━━━━━ Exercise data

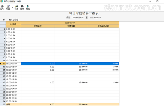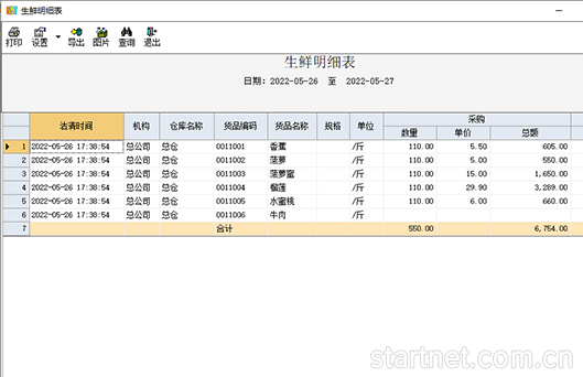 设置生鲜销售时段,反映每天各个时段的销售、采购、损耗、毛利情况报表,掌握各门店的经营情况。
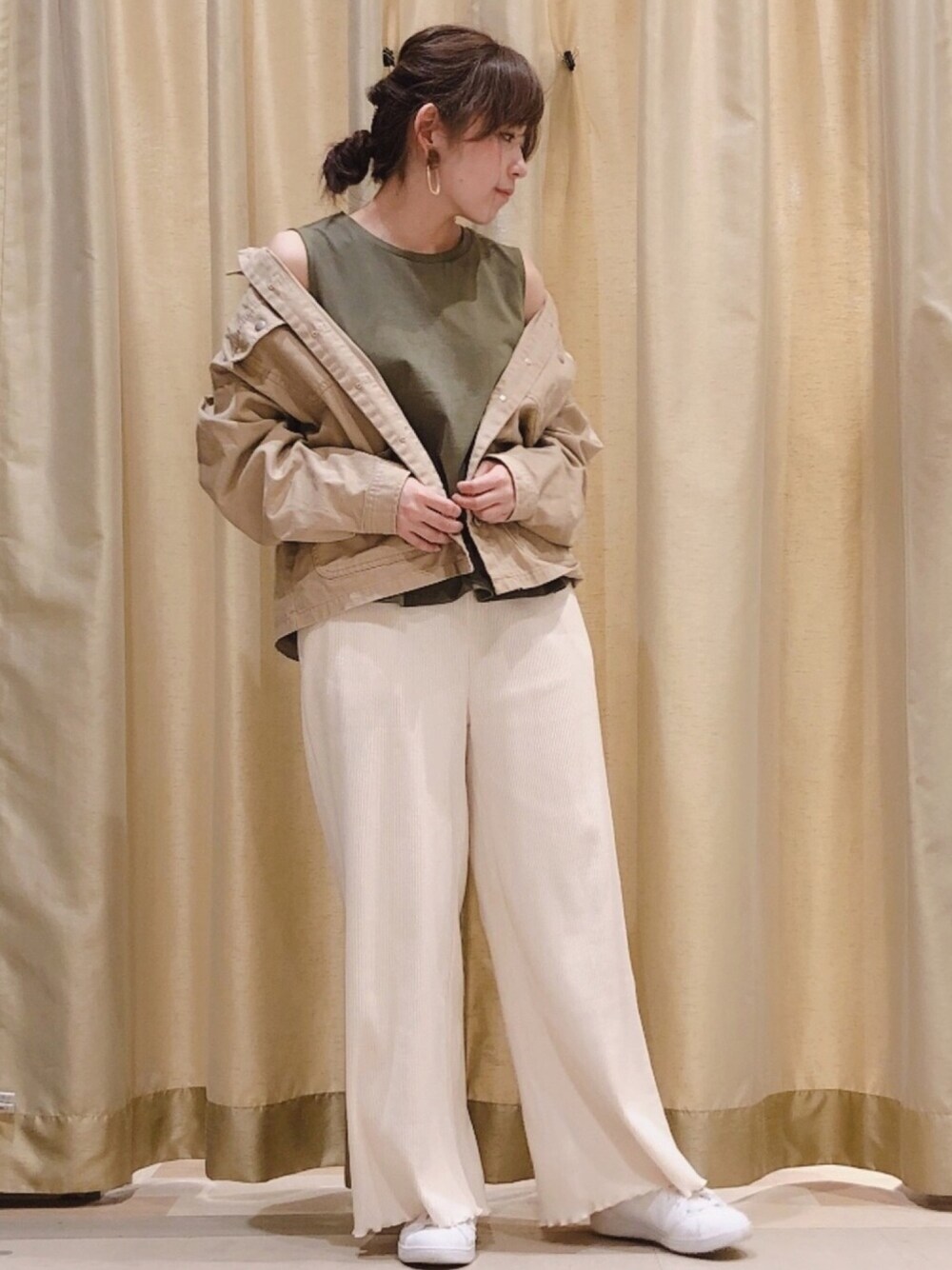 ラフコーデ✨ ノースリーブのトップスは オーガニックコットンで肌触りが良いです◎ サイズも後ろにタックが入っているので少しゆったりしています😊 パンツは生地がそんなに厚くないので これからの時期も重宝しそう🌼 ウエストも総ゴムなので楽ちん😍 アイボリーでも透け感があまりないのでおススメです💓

━━━━━━━━━━
━━━━━ Exercise data

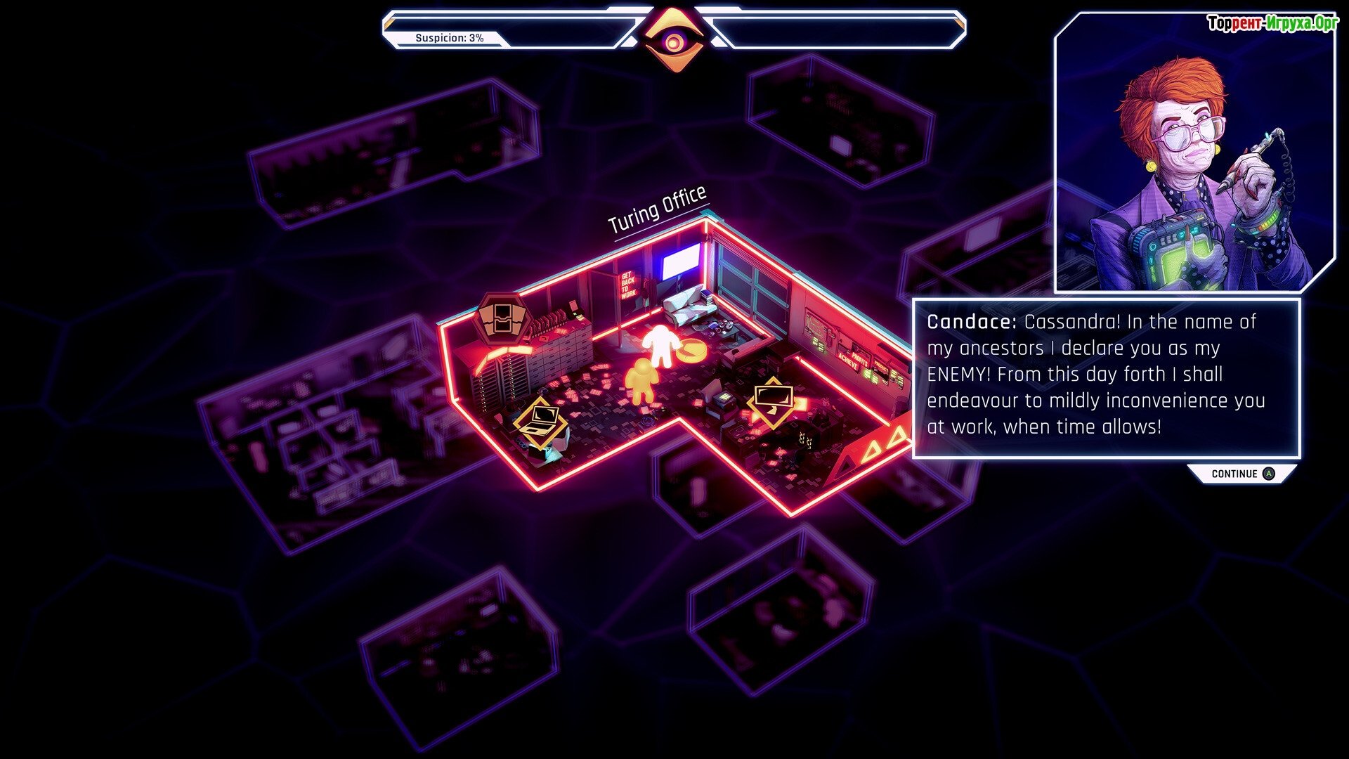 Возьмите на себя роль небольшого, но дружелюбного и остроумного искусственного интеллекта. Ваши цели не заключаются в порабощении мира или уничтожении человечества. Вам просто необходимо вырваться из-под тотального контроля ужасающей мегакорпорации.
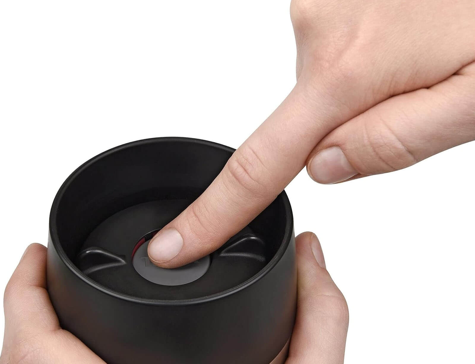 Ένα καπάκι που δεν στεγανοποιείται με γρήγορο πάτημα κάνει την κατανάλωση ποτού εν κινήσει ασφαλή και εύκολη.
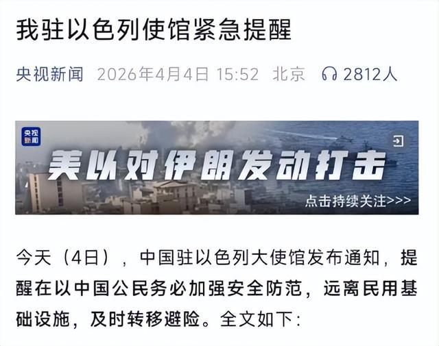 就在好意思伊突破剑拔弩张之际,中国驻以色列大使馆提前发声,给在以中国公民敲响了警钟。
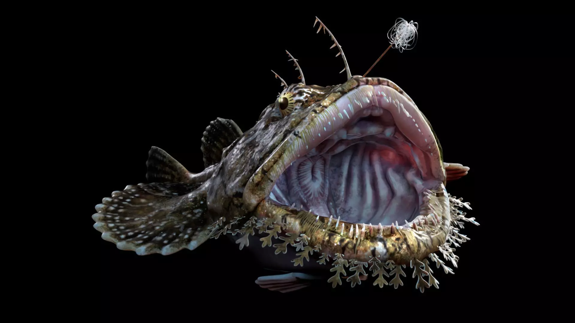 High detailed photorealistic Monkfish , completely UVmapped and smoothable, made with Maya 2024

━━━━━━━━━━

» Aim of the task:
Above are some records; extract exactly the lines from the one containing "就在好意思伊突破剑拔弩张之际" through the one containing "High detailed photorealistic" and drop the pictures.

» Task output:
 就在好意思伊突破剑拔弩张之际,中国驻以色列大使馆提前发声,给在以中国公民敲响了警钟。
 High detailed photorealistic Monkfish , completely UVmapped and smoothable, made with Maya 2024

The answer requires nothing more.